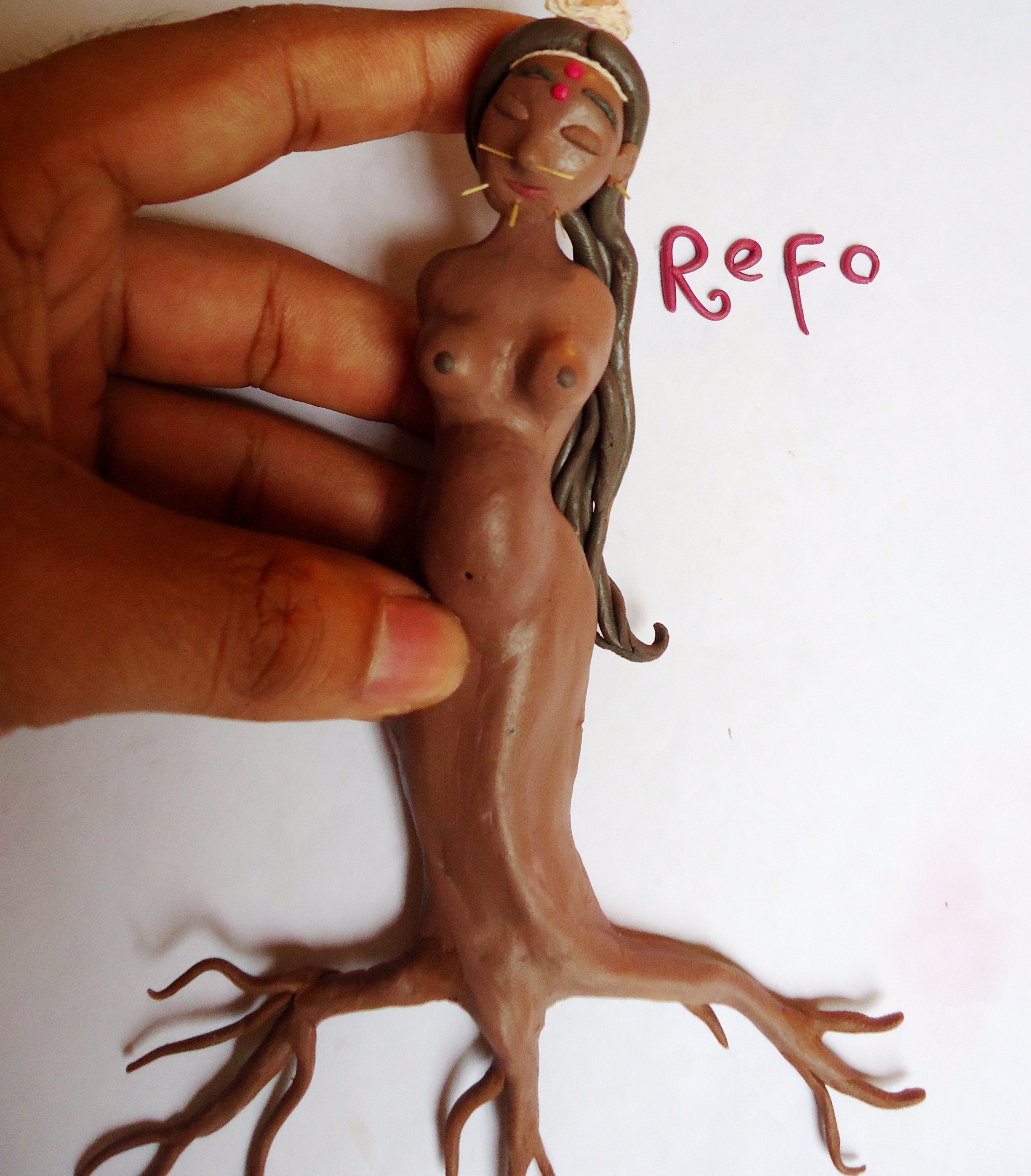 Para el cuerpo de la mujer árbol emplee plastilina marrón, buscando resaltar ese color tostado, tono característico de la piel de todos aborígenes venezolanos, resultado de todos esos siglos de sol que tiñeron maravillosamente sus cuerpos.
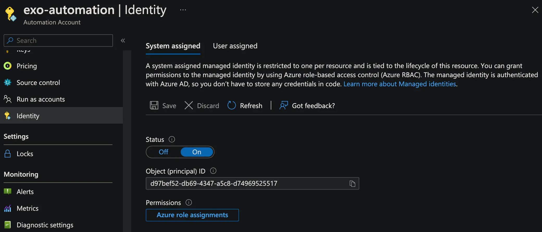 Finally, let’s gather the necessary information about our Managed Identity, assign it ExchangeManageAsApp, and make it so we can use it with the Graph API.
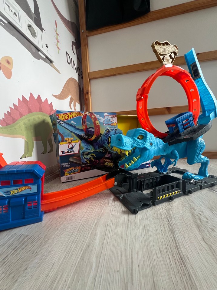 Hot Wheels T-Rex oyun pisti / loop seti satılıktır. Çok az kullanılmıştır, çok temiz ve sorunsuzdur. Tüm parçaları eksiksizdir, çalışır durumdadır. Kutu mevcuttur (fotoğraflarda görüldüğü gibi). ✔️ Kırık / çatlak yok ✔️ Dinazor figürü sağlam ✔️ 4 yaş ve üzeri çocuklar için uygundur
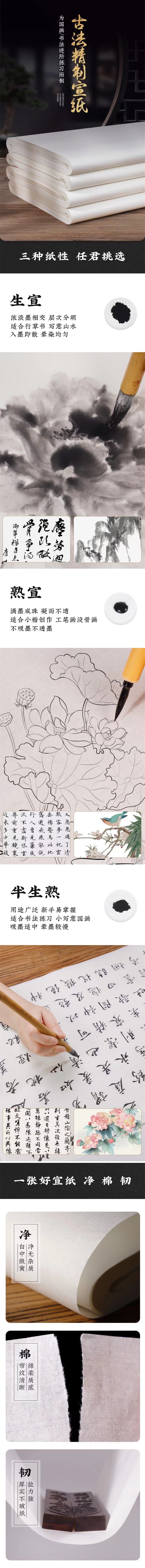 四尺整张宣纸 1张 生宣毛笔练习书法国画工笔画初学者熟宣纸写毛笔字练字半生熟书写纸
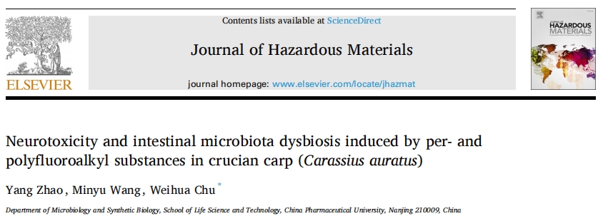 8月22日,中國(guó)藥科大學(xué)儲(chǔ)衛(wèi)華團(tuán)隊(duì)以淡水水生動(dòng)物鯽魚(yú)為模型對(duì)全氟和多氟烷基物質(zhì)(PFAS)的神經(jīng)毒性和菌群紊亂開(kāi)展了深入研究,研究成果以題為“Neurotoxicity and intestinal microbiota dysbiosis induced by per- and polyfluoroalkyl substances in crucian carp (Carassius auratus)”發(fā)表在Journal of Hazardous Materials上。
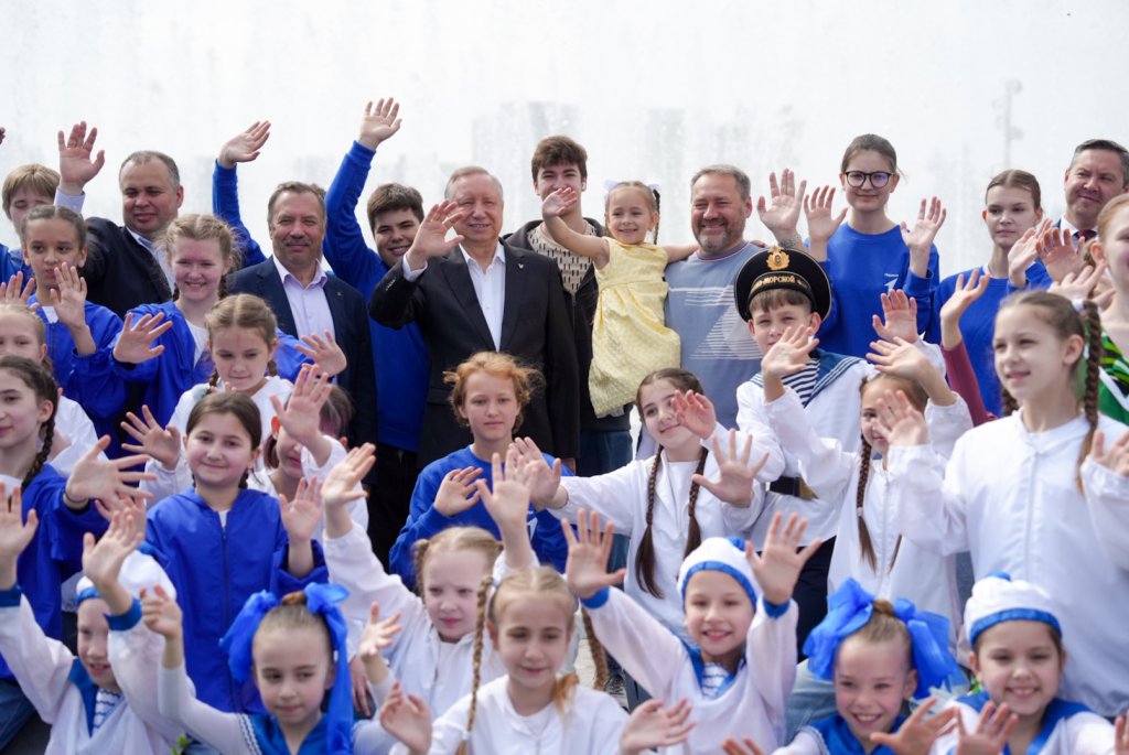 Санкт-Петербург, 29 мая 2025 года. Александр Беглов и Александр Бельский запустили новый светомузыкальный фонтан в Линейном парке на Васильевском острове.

Exercise details:
Write out the whole listing above exactly, minus images.

Response to the task:
 Para el cuerpo de la mujer árbol emplee plastilina marrón, buscando resaltar ese color tostado, tono característico de la piel de todos aborígenes venezolanos, resultado de todos esos siglos de sol que tiñeron maravillosamente sus cuerpos.
 Finally, let’s gather the necessary information about our Managed Identity, assign it ExchangeManageAsApp, and make it so we can use it with the Graph API.
 Hot Wheels T-Rex oyun pisti / loop seti satılıktır. Çok az kullanılmıştır, çok temiz ve sorunsuzdur. Tüm parçaları eksiksizdir, çalışır durumdadır. Kutu mevcuttur (fotoğraflarda görüldüğü gibi). ✔️ Kırık / çatlak yok ✔️ Dinazor figürü sağlam ✔️ 4 yaş ve üzeri çocuklar için uygundur
 四尺整张宣纸 1张 生宣毛笔练习书法国画工笔画初学者熟宣纸写毛笔字练字半生熟书写纸
 8月22日,中國(guó)藥科大學(xué)儲(chǔ)衛(wèi)華團(tuán)隊(duì)以淡水水生動(dòng)物鯽魚(yú)為模型對(duì)全氟和多氟烷基物質(zhì)(PFAS)的神經(jīng)毒性和菌群紊亂開(kāi)展了深入研究,研究成果以題為“Neurotoxicity and intestinal microbiota dysbiosis induced by per- and polyfluoroalkyl substances in crucian carp (Carassius auratus)”發(fā)表在Journal of Hazardous Materials上。
 Санкт-Петербург, 29 мая 2025 года. Александр Беглов и Александр Бельский запустили новый светомузыкальный фонтан в Линейном парке на Васильевском острове.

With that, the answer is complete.